__COLLECTED MATERIAL__.
..............................
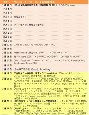 表1. イベントの中止発表日によるカレンダー ※当社調べ
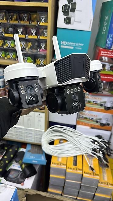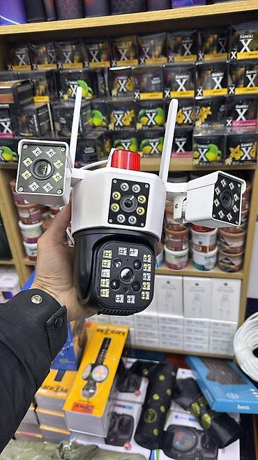 - Поворотные многофункциональные уличные камеры с тремя модулями и мощной светодиодной подсветкой, двумя Wi‑Fi антеннами и встроенной сиреной/прожекторами.
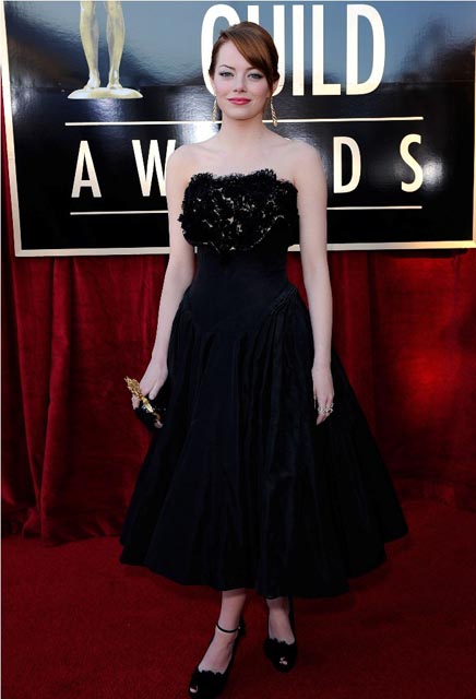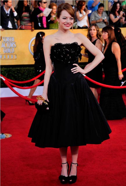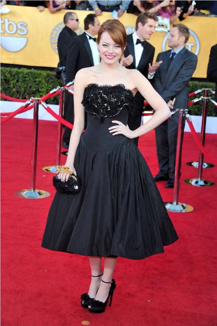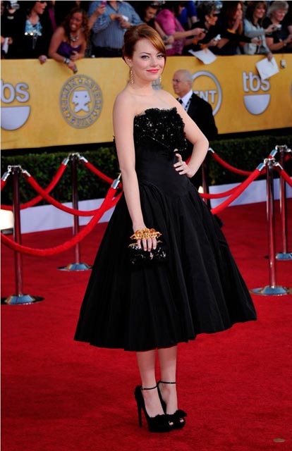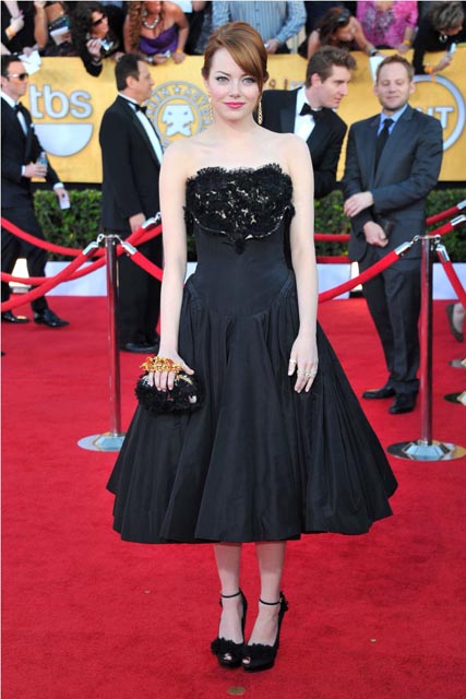 It’s not my favourite; this silhouette never is. Perhaps on someone else I’d be more annoyed than I am. But because it’s Emma Stone, and she has demonstrated a willingness to try new shapes and lines, to not be boxed into one particular look, I’ve a lot more patience for it than, say, if this was worn by Reese Witherspoon. You see the difference now?
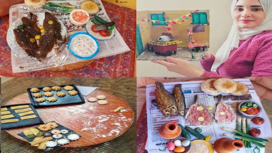 تحرص الأسر المصرية كل عام على إعداد أنواع مختلفة من الاطعمة فى المناسبات المختلفة، ففى شهر رمضان تمتلئ مائدة الطعام بالطيور والمحاشى والملوخية والخضروات، وفى شم النسيم تعد الرنجة والفسيخ وجبة أساسية، أما عيد الفطر فلا يمكن الاستغناء عن الكحك والبسكويت والبيتيفور، لذا قامت مصممة الهاند ميد هبة عتمان، بتحويل كل هذه الأطعمة والحلويات إلى مصغرات أكل صغيرة مصنوعة من الصلصال الحرارى وعجينة السيراميك حتى أن كل من يراها من بعيد يعتقد أنها أطعمة حقيقية.
..............................
__TASK OBJECTIVE__.
The answer is the lines above, word for word, from the first one through the one containing "It’s not my"; it includes no pictures.

__YOUR SOLUTION__.
 表1. イベントの中止発表日によるカレンダー ※当社調べ
 - Поворотные многофункциональные уличные камеры с тремя модулями и мощной светодиодной подсветкой, двумя Wi‑Fi антеннами и встроенной сиреной/прожекторами.
 It’s not my favourite; this silhouette never is. Perhaps on someone else I’d be more annoyed than I am. But because it’s Emma Stone, and she has demonstrated a willingness to try new shapes and lines, to not be boxed into one particular look, I’ve a lot more patience for it than, say, if this was worn by Reese Witherspoon. You see the difference now?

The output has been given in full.